I don't know how they'll fair but I'm gonna see how they do. With 2 queens laying I figure the worst case is I can combine the two in the fall and feed them well and/or give them a full super of honey. Hopefully, between the two they will have a decent population of bees between now and then. If not I'll just combine with the main hives.

This is my first year back into bees after a long hiatus and I already feel like having at least one experimental hive every year to use as a guinea pig to try different things out. (Not as a guinea pig in a bad way) 

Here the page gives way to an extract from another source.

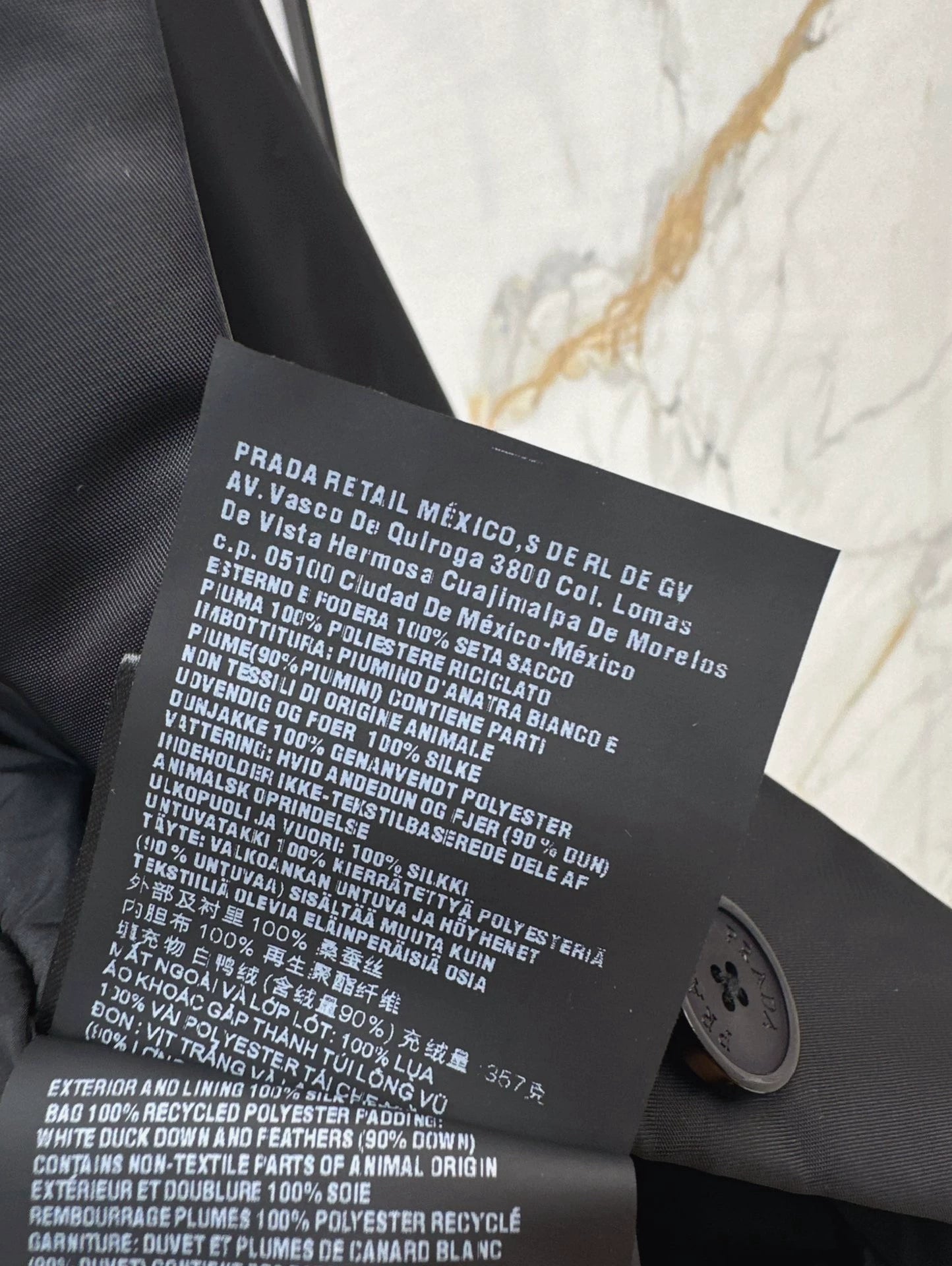 Fabric and lining: 100% recycled nylon, filling: 43% polyester, 35% recycled polyester, 22% white goose down and feathers (90% down), belt: calf leather.

Not sure this really qualifies as a fall split but it does seem late to me!


Dan

[This message has been edited by dtwilliamson (edited July 26, 2004).]


----------



## Hillbillynursery (Nov 13, 2003)

Well this is omething I would like to here more about. I will be taking some bee from strongest colonies and equalizing as the weather has not been nice to me and a couple of my nucs swarmed. But if I have more frames than needed to make all my hive 2 mediums deep I have though about another split. First hard frost is normally end of Oct. sometime(like last year) not until mid Nov.. I have a couple supers of honey for winter feed so it is a matter of getting the queen getting going good enough to get them thru winter. Another side note is queens started laying in Jan. last year as I had a 75f day and took a peek(3 days later though it was a high of 30f). Winters here can be very lite to moderate. one medium of stores is plenty for around here. But this is something I think could help alot of people increase their numbers if they wish and it was feasable.


----------



## swarm_trapper (Jun 19, 2003)

we are trying it this year we made a split a week and a half ago so we will se what happens we did pigggyback it on anouther hive the reason i hope that this works is so we can split and still raise our own queens mid april is alittle early for queens here(not man drones) Nick


----------



## Guest (Aug 23, 2004)

An update.... I started the year off with 2 nucs on May 8th. They grew so fast that I split 2 nucs off of them (as described above in an earlier post). I just combined the nucs I had made and have a pretty strong hive almost a full 2 deeps worth of bees. The upside is that I now have 3 fairly strong hives in terms of bees. The downside is that after I distribute the honey I currently have from these hives they will be short of supplies for the winter. Hopefully we get a really strong fall flow. Activity seemed to be picking up yesterday. I may have to feed one or two of them before winter.

I did my splits mid-July. I would think that starting them this time of year would bee difficult. Not sure there would be enough time to build up unless you can really supply them with drawn comb and alot of bees and honey.

Good luck. Let us know how it works.

Dan


----------